■ **Work order**: Omit all pictures, then retype the data exactly as given.

■ **Dataset excerpt**:

==========

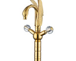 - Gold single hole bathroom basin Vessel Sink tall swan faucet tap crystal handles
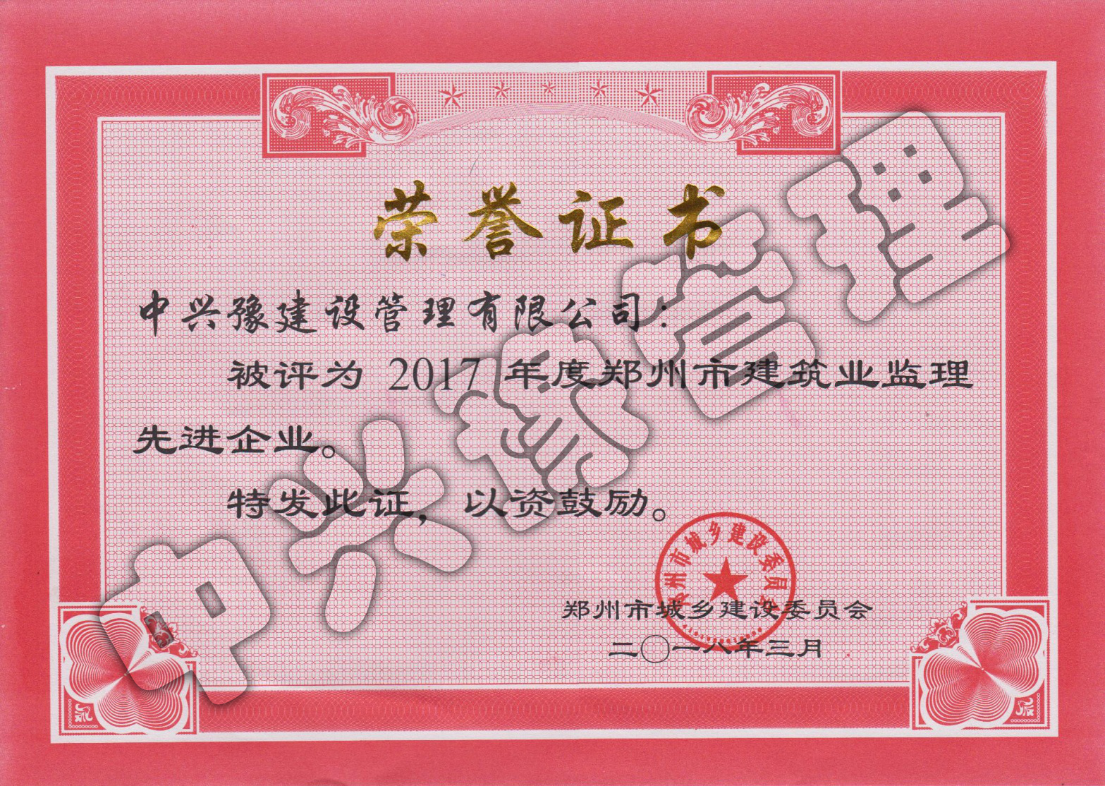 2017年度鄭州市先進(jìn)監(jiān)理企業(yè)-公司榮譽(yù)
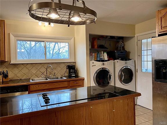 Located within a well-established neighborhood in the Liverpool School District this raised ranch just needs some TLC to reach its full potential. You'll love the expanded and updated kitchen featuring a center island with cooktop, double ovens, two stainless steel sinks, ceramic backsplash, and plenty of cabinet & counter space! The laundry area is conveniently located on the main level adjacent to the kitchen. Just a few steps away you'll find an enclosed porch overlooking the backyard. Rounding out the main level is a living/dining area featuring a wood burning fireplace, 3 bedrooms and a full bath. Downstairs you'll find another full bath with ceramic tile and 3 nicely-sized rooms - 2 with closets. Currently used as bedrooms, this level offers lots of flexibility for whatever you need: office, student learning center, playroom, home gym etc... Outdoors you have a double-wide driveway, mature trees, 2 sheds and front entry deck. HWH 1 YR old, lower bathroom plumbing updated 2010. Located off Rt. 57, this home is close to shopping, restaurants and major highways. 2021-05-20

==========

■ **Written solution**:
 - Gold single hole bathroom basin Vessel Sink tall swan faucet tap crystal handles
 2017年度鄭州市先進(jìn)監(jiān)理企業(yè)-公司榮譽(yù)
 Located within a well-established neighborhood in the Liverpool School District this raised ranch just needs some TLC to reach its full potential. You'll love the expanded and updated kitchen featuring a center island with cooktop, double ovens, two stainless steel sinks, ceramic backsplash, and plenty of cabinet & counter space! The laundry area is conveniently located on the main level adjacent to the kitchen. Just a few steps away you'll find an enclosed porch overlooking the backyard. Rounding out the main level is a living/dining area featuring a wood burning fireplace, 3 bedrooms and a full bath. Downstairs you'll find another full bath with ceramic tile and 3 nicely-sized rooms - 2 with closets. Currently used as bedrooms, this level offers lots of flexibility for whatever you need: office, student learning center, playroom, home gym etc... Outdoors you have a double-wide driveway, mature trees, 2 sheds and front entry deck. HWH 1 YR old, lower bathroom plumbing updated 2010. Located off Rt. 57, this home is close to shopping, restaurants and major highways. 2021-05-20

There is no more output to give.